SHARE

De-Laurentiis-Conference

Il Napoli ha i conti in ordine e rispetta i parametri voluti dal fair play finanziario, anzi è la prima big tra i club di serie A a poter vantare questo prestigioso traguardo. La notizia è di ieri ed è stata impreziosita dall’analisi di Marco Bellinazzo che ha dato adito a numerose discussioni e riflessioni. Il Napoli è ricco, ma non può spendere: questo è l’incipit dell’articolo scritto dal giornalista de “Il Sole 24 ore” e la dura realtà si staglia inesorabile davanti al tifoso medio, occupato com’è a sognare e sperare in trofei conquistati sul campo e non a quelli invisibili dei bilanci.

Il problema di fondo è la mancanza di infrastrutture (stadio?) e quindi la necessità di aumentare i ricavi strutturali al netto di costi di gestione da grandissima squadra. Questi dati propongono tre soluzioni al Napoli per raggiungere quel famoso step tanto desiderato: affidarsi ad un investitore straniero (vedi Roma), puntare alla costruzione di uno stadio multifunzionale in una città problematica (ma anche lì servono investitori esterni e l’accordo con il Comune sembra ormai una chimera) o semplicemente in un’ottica di lungo periodo investire su giocatori giovani abbassando i costi e facendo cassa con qualche uscita illustre, come del resto fatto finora.
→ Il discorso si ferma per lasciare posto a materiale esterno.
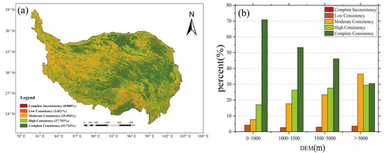 The TP is a vital ecological safety barrier zone in China and a key region for global biodiversity conservation [55,56]. Therefore, the spatial extent, area, and distribution of grass, bare soil, forest, and water in the TP holds significant strategic importance for enhancing the stability of the plateau’s ecological security barrier functions. Comparing these results with a previous study, we agree that the LC types of the TP exhibit a comparable distribution across various products, and that the forest area is smaller compared to grass and bare soil [51]. The complete and high consistency of five distinct LC products accounted for 71.48% of the total area proportion. In terms of LC types, water, grass, and forest exhibited high levels of accuracy. However, significant deviations were observed among the other LC types. For example, the evaluation indicated that the shrub, wetland, crop, and glacier types displayed extremely poor consistency (with areas showing complete inconsistency and low consistency of these LC types accounting for 99.98%, 96.40%, 91.26%, 88.2%, and 68.86%, respectively). This discrepancy may arise from variances in satellite data sources, processing methods, definition of LC type, and classification schemes [27,32,57,58]. Over the past few decades, numerous sensors have been mounted on a series of satellites that are designed to detect and measure different forms of energy and signals emitted from the Earth’s surface. For example, the Aqua and Terra satellites are equipped with MODIS, while Landsat 4/5 has the Thematic Mapping sensor, Landsat 7 features the Enhanced Thematic Mapper Plus, and Landsat 8 is equipped with the Operational Land Imager. Additionally, the Sentinel-1 carries the SAR-C, the Sentinel-2 has the MultiSpectral Instrument, and the Ocean and Land Colour Instrument is installed on the Sentinel-3 [22,45,46]. This wide variety of sensors encompasses a diverse range of bands and resolutions. In addition, elevation heterogeneity may influence the consistency of different LC products. For example, some researchers have indicated that higher elevations pose greater challenges in monitoring and detecting LC inconsistencies [38,59]. The low-altitude areas are characterized by fairly flat terrain and homogeneous vegetation, while the high-altitude areas exhibit complex topography with heterogeneous features at various resolutions, which may result in increased inconsistency among different LC products.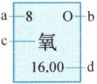 1. 在元素周期表中,每种元素在表中排列的序号称为______,它等于该元素原子的核内______(核电荷数),例如碳元素的原子序数是6,其核内有______个质子。右图是氧元素在元素周期表的信息,a表示______,b表示______,c表示______,d表示______。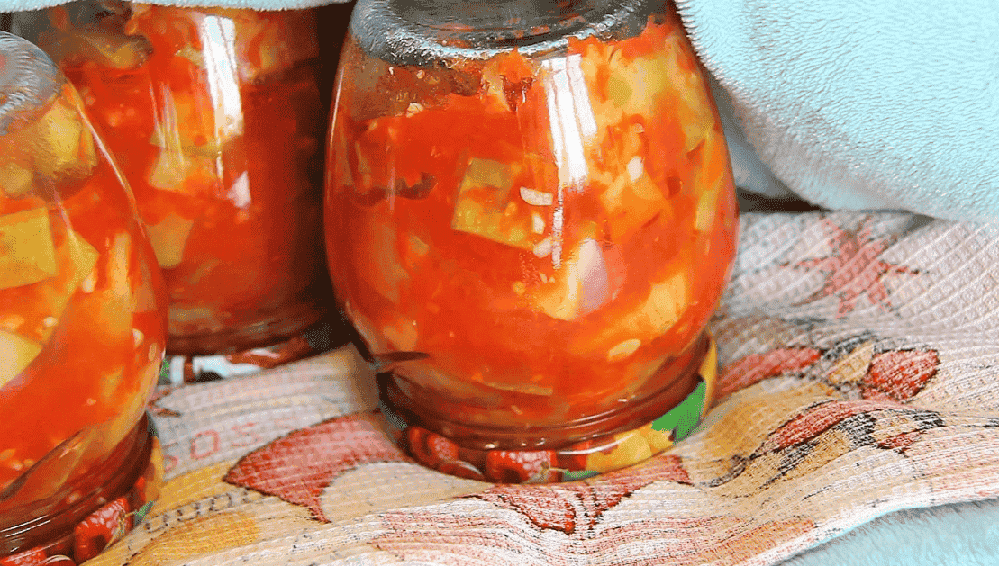Готовий салат розкладаю гарячим по чистих стерилізованих банкам, закручую кришками. Банки перевертаю вгору дном і вкриваю пледом. Так залишаю їх до повного остигання.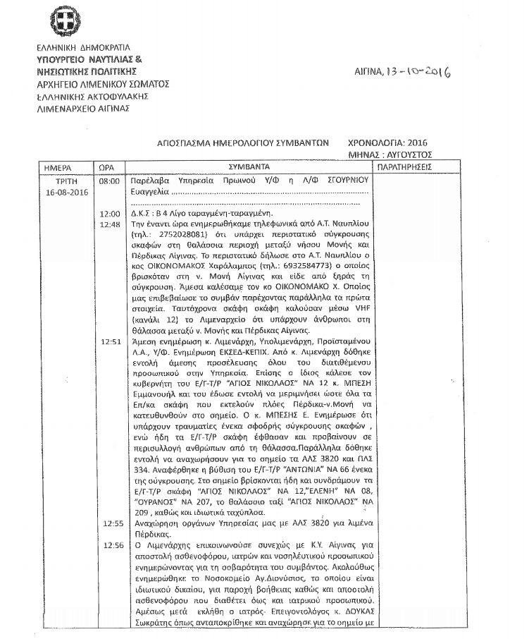 Απόσπασμα από το ημερολόγιο συμβάντων του Λιμεναρχείου Αίγινας, την ώρα που καταγράφηκε για πρώτη φορά η ειδοποίηση για τη μοιραία σύγκρουση των δύο σκαφών στο νησί, στις 16 Αυγούστου, έδωσε σήμερα στη δημοσιότητα, ο υπουργός Ναυτιλίας Θοδωρής Δρίτσας, μετά τα όσα υποστήριξε ο τομεάρχης ναυτιλίας της Ν.Δ, Σίμος Κεδίκογλου, ότι το Λιμενικό ήταν ενήμερο από τις 12:30 το μεσημέρι για το συμβάν.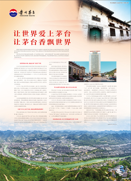 今年,贵州茅台正式将“让世界爱上茅台 让茅台香飘世界”的愿景写入企业文化手册《茅台玖章》。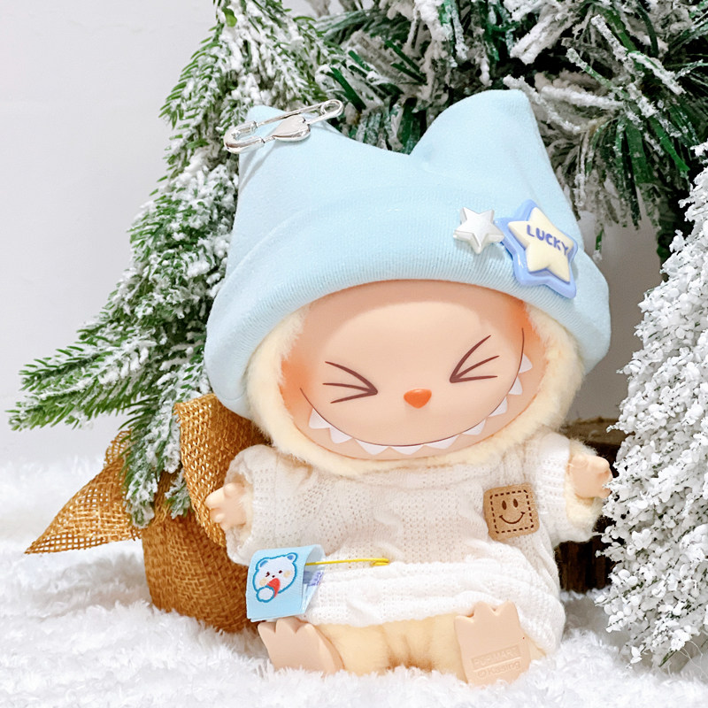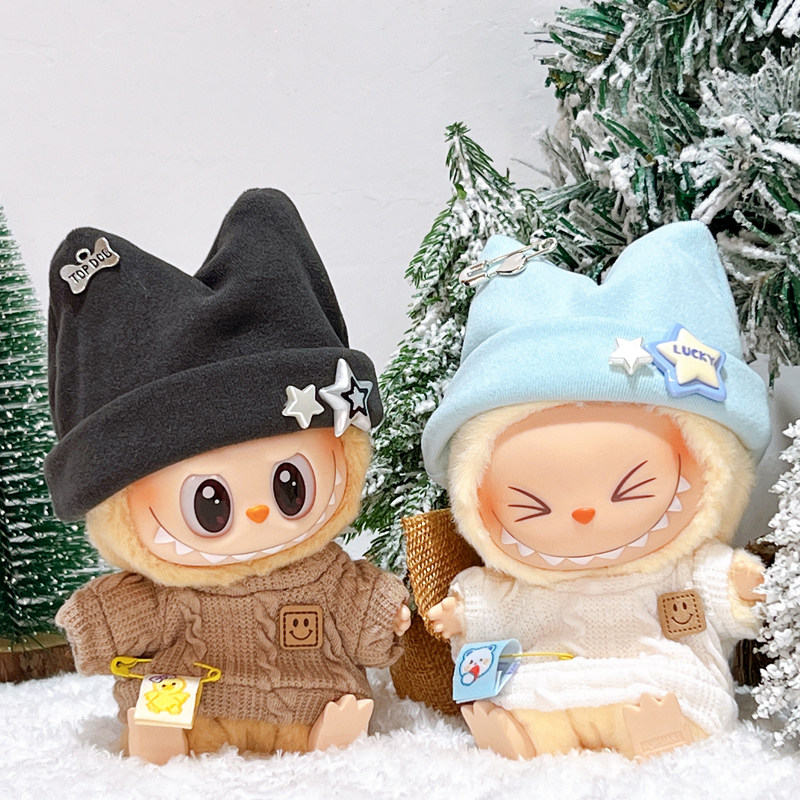📚 新款拉布布娃衣17cm一二代搪胶公仔坐坐派对娃衣卫衣毛衣帽子换装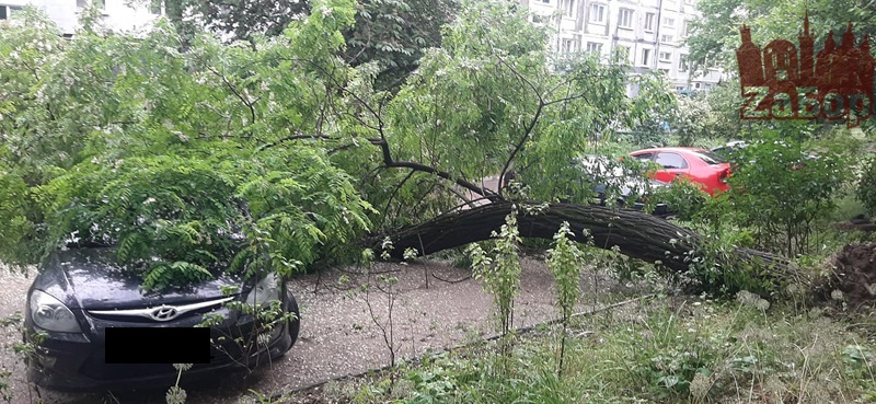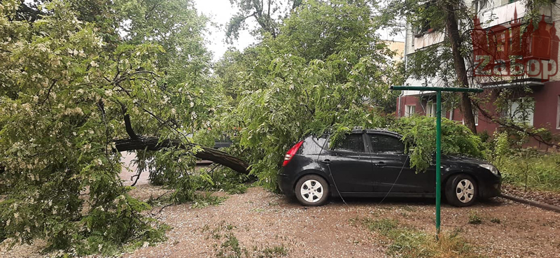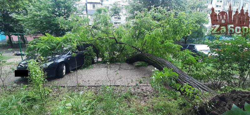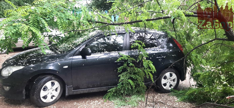 ЧП произошло в Коммунарском районе Запорожья, тут из-за непогоды, на автомобиль, упало дерево акации, сообщает "ZаБор".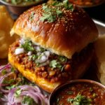 Oh, the joy of serving Pav Bhaji just right! Here’s how we do it Mumbai street-style in my house: First, an extra knob of butter melting into that hot bhaji – because why stop at just what’s in the pan? Then, a side of finely chopped raw red onions for that perfect crunch and bite. And don’t forget those lemon wedges – that bright squeeze at the end makes all the flavors pop. Sometimes I’ll even add a little bowl of spicy green chutney for dipping. Now grab those butter-toasted pav and dive in – hands only, the way it’s meant to be eaten!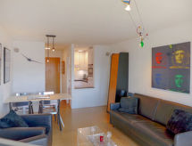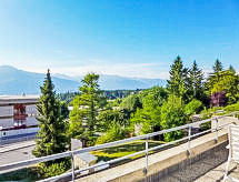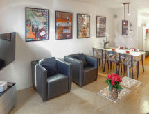 3 -sobni apartman 59 m2 na 2. katu, prema jugu. Djelomično renoviran godine 2022, komforno i lijepo uređen: dnevni boravak/blagovaona s 1 kaučem za 1 osobu (160 cm, dužina 190 cm), stolom za blagovanje, kabelskom TV, plosnatim TV ekranom i DVD-om. Izlaz na terasu, prema jugu. 1 soba s 2 kreveta (90 cm, dužina 190 cm). 1 soba s 2 kreveta (90 cm, dužina 200 cm). Izlaz na terasu. Mala, otvorena kuhinja (pećnica, perilica za suđe, 4 staklokeramičke ploče za kuhanje, toster, kuhalo za vodu, el. aparat za kavu, Doze za mašinu za kavu (Nespresso) uz doplatu, raclette roštilj, kombinirana mikrovalna pećnica, set za fondue (sir)). Tuš/WC. Terasa 15 m2, prema jugu. Garnitura za sjedenje, ležaljke (2). Vrlo lijep pogled na planine. Na raspolaganju: glačalo, visoka dječja stolica, dječji krevetić do 2 godine, sušilo za kosu. Internet (wireless LAN [WLAN], besplatan). Dodatna informacija: apartman za nepušače. 1 kućni ljubimac / pas dozvoljen.- Značajke smještaja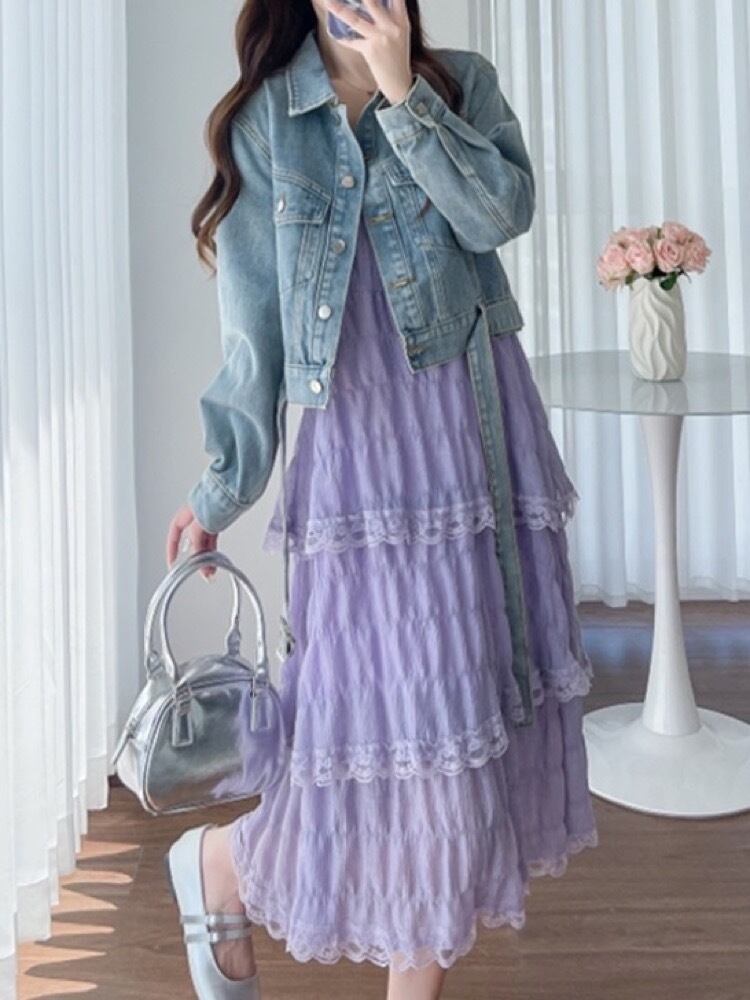 重なり合うフリルで自然と縦ラインが強調され、ゆったり着られるのにスッキリ見える嬉しい設計。胸下の切り替えから広がるシルエットは、ぽっこりお腹やヒップラインもカバー。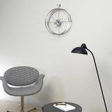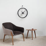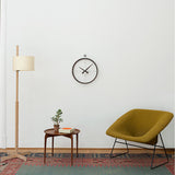 Nomon’s sleight of hand in juxtaposing luxe elements enlivens 2 Puntos, encircled by double rings with clock hands in a contrasting material. Discreetly suspended on a slim rod formation, the open face reveals the wall behind and lends its own presence to a room while offering precision timekeeping via its German quartz movement.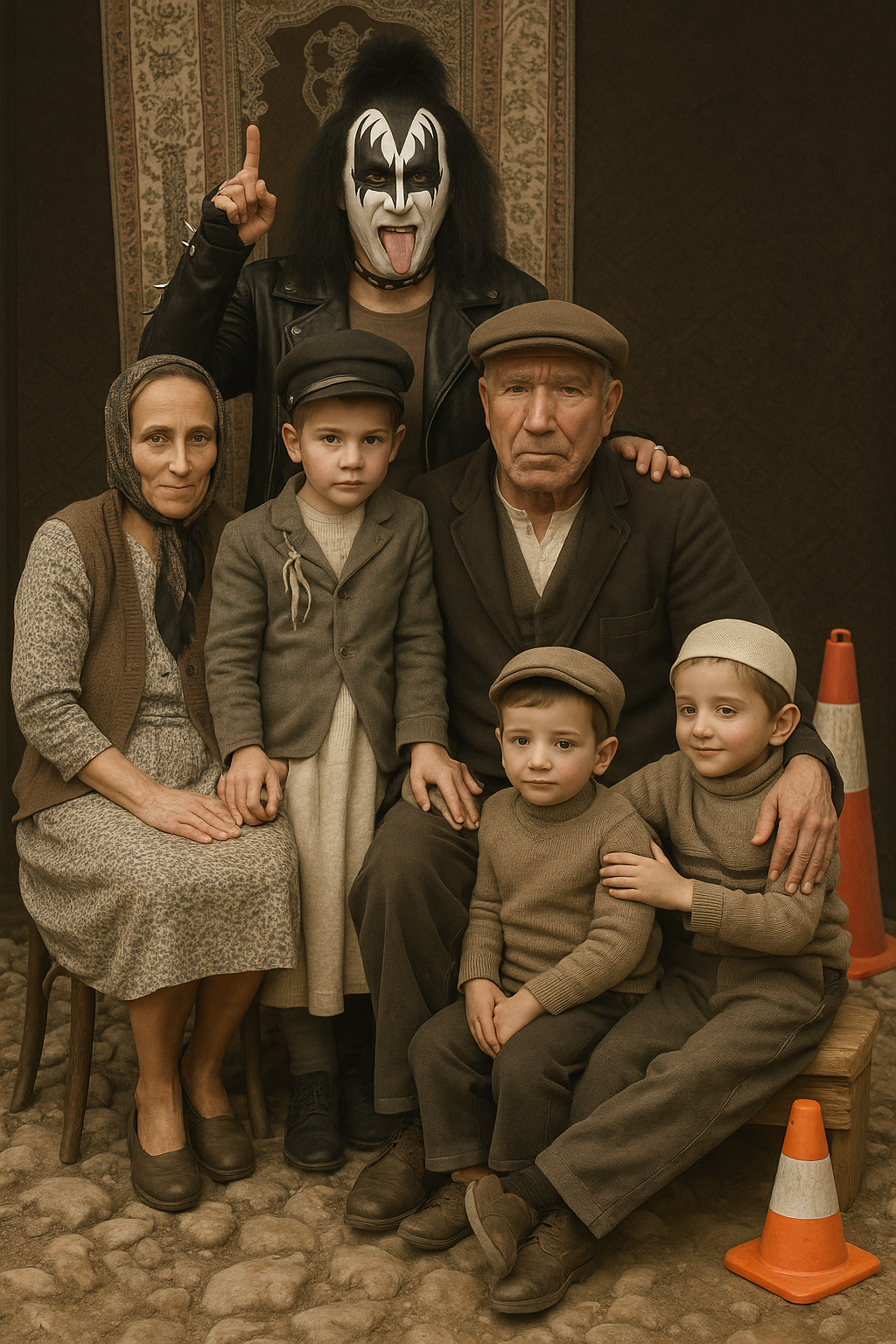 Each of these anachronic figures brings a different cultural conflict to the photograph's surface: Bart Simpson, the pop-culture rebellion that pierces domestic authority; Lincoln, the kitsch face of national heroism transformed into contemporary aesthetics; the Little Prince, the re-production of childhood innocence even within a regime of representation; the iconography of Genghis Khan and samurais, the romanticization of historical violence; the geisha figure, how the orientalist gaze is still operating; and the Göbeklitepe human, how humanity's oldest ritual memory bleeds into today's digital reading. The meeting of these figures in the same image is that moment of “short circuit,” as Žižek describes the deviation of ideology, where the stitches between reality and representation become visible.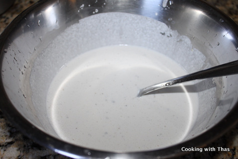 - Add the soaked rice to a blender jar along with coconut milk, grind to a smooth paste.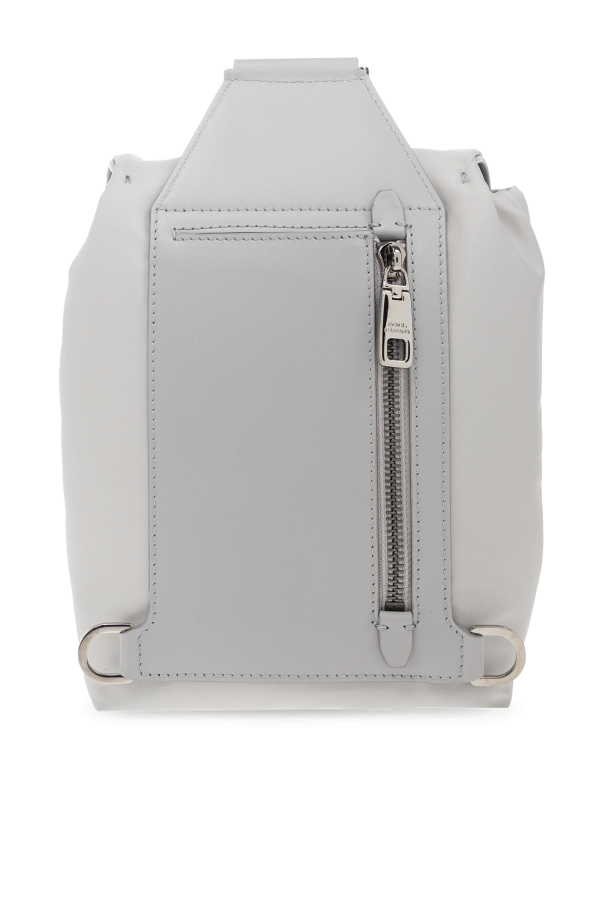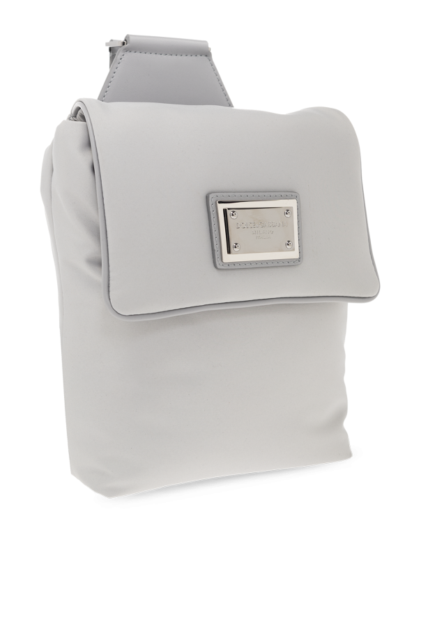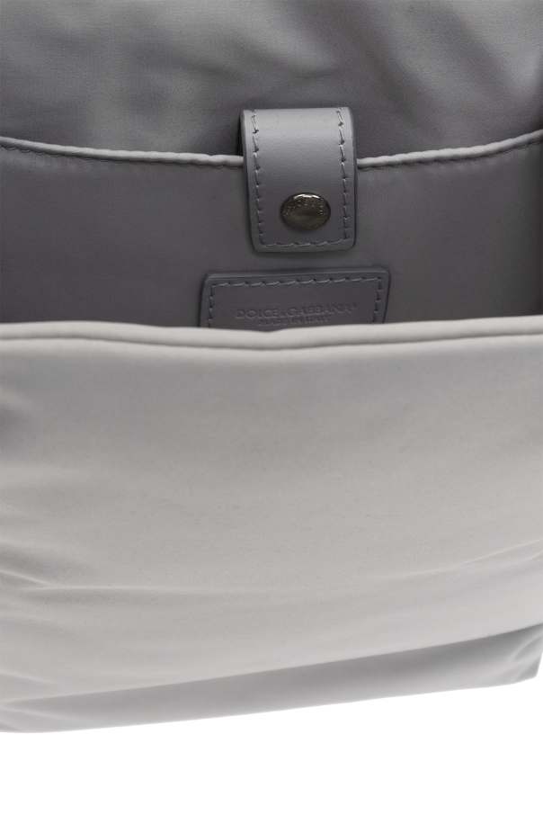 Grey belt bag from Dolce & Gabbana. Made of fabric with leather trims, this design features magnetic snaps, a logo-engraved square detail, zipped back pocket, adjustable strap in black and one internal compartment with one snap-fastened pocket.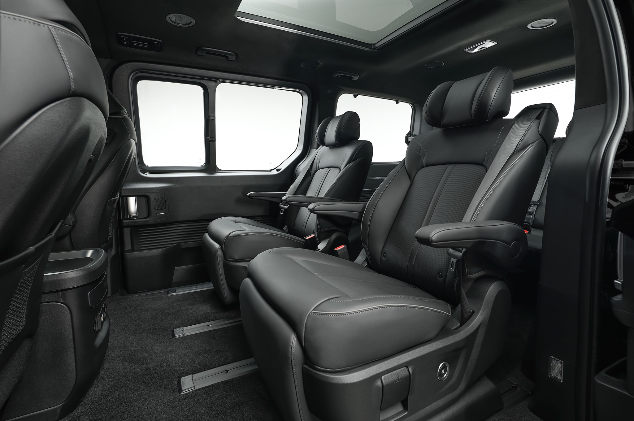 The posher seven-seat version gets electrically powered sliding side doors and tailgate as standard, while they’re optional on the nine-seater car. Hyundai says that the battery packaging has enabled it to boost legroom and headroom. The window line sits quite low too, letting plenty of light into the cabin.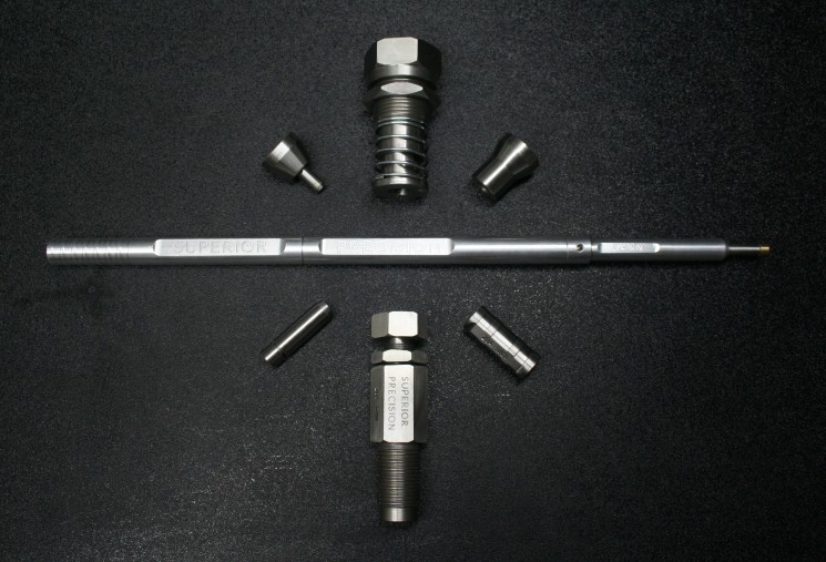The Superior Precision tool set was designed to take advantage of the way that rimless cartridges rely on the shoulder to shoulder contact between the chamber and case to position the bullet. The Superior Precision tool set includes a Neck Sizer with two die, a Chamber Gauge, a Cartridge Gauge, an adjustable Headspace Gauge, and a Bullet Seater.

A De Laurentiis, vero vincitore finanziario, l’arduo compito di scegliere: continuare a percorrere la strada finora battuta o trovare finalmente un accordo per far saltare il banco e vincere anche sul campo?

In ogni caso meglio adottare parsimonia anche nelle parole. E’ ancora vivo in tanti tifosi la frase pronunciata nel ritiro di Dimaro “Siamo maturi al punto giusto e possiamo puntare al massimo”. Proclama trasformatosi in boomerang dopo l’inizio di stagione stentato.